Below image shows above deskew function applied to an image of zero. Left image is the original image and right image is the deskewed image.

Next we have to find the HOG Descriptor of each cell. For that, we find Sobel derivatives of each cell in X and Y direction. Then find their magnitude and direction of gradient at each pixel. This gradient is quantized to 16 integer values. Divide this image to four sub-squares. For each sub-square, calculate the histogram of direction (16 bins) weighted with their magnitude. So each sub-square gives you a vector containing 16 values. Four such vectors (of four sub-squares) together gives us a feature vector containing 64 values. This is the feature vector we use to train our data.

In [ ]:
def hog(img):
    gx = cv2.Sobel(img, cv2.CV_32F, 1, 0)
    gy = cv2.Sobel(img, cv2.CV_32F, 0, 1)
    mag, ang = cv2.cartToPolar(gx, gy)
    # quantizing binvalues in (0...16)
    bins = np.int32(bin_n*ang/(2*np.pi))
    # Divide to 4 sub-squares
    bin_cells = bins[:10,:10], bins[10:,:10], bins[:10,10:], bins[10:,10:]
    mag_cells = mag[:10,:10], mag[10:,:10], mag[:10,10:], mag[10:,10:]
    hists = [np.bincount(b.ravel(), m.ravel(), bin_n) for b, m in zip(bin_cells, mag_cells)]
    hist = np.hstack(hists)
    return hist

Finally, as in the previous case, we start by splitting our big dataset into individual cells. For every digit, 250 cells are reserved for training data and remaining 250 data is reserved for testing. Full code is given below:

In [ ]:
import cv2
import numpy as np
SZ=20
bin_n = 16 # Number of bins
svm_params = dict( kernel_type = cv2.SVM_LINEAR, svm_type = cv2.SVM_C_SVC, C=2.67, gamma=5.383 )
affine_flags = cv2.WARP_INVERSE_MAP|cv2.INTER_LINEAR

def deskew(img):
    m = cv2.moments(img)
    if abs(m['mu02']) < 1e-2:
        return img.copy()
    skew = m['mu11']/m['mu02']
    M = np.float32([[1, skew, -0.5*SZ*skew], [0, 1, 0]])
    img = cv2.warpAffine(img,M,(SZ, SZ),flags=affine_flags)
    return img

def hog(img):
    gx = cv2.Sobel(img, cv2.CV_32F, 1, 0)
    gy = cv2.Sobel(img, cv2.CV_32F, 0, 1)
    mag, ang = cv2.cartToPolar(gx, gy)
    bins = np.int32(bin_n*ang/(2*np.pi)) # quantizing binvalues in (0...16)
    bin_cells = bins[:10,:10], bins[10:,:10], bins[:10,10:], bins[10:,10:]
    mag_cells = mag[:10,:10], mag[10:,:10], mag[:10,10:], mag[10:,10:]
    hists = [np.bincount(b.ravel(), m.ravel(), bin_n) for b, m in zip(bin_cells, mag_cells)]
    hist = np.hstack(hists) # hist is a 64 bit vector
    return hist

img = cv2.imread('digits.png',0)
cells = [np.hsplit(row,100) for row in np.vsplit(img,50)]

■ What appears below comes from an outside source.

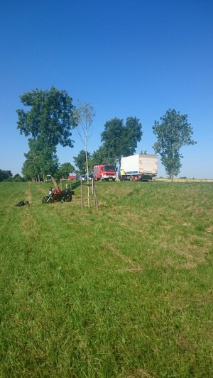 Do zdarzenia doszło dziś (05.07.18) około godziny 7:00 na trasie K-51 pomiędzy miejscowościami Rogóż – Samolubie. Jak wstępnie ustalili funkcjonariusze pracujący na miejscu zdarzenia, kierowca tira podczas manewru wyprzedzania innego tira nie zauważył kierującego motocyklem, który tez wykonywał manewr wyprzedzania. Siła uderzenia w jednoślad była tak duża, że kierujący motocyklem znalazł się kilkanaście metrów od miejsca uderzenia w pobliskim polu. Mieszkaniec gminy Lidzbark Warmiński ma poważny uraz nogi. Kierujący byli trzeźwi.

# First half is trainData, remaining is testData
train_cells = [ i[:50] for i in cells ]
test_cells = [ i[50:] for i in cells]

###### Now training ########################
deskewed = [map(deskew,row) for row in train_cells]
hogdata = [map(hog,row) for row in deskewed]
trainData = np.float32(hogdata).reshape(-1,64)
responses = np.float32(np.repeat(np.arange(10),250)[:,np.newaxis])
svm = cv2.SVM()
svm.train(trainData,responses, params=svm_params)
svm.save('svm_data.dat')

###### Now testing ########################
deskewed = [map(deskew,row) for row in test_cells]
hogdata = [map(hog,row) for row in deskewed]
testData = np.float32(hogdata).reshape(-1,bin_n*4)
result = svm.predict_all(testData)

####### Check Accuracy ########################
mask = result==responses
correct = np.count_nonzero(mask)
print correct*100.0/result.size

This particular technique gave me nearly 94% accuracy. You can try different values for various parameters of SVM to check if higher accuracy is possible. Or you can read technical papers on this area and try to implement them.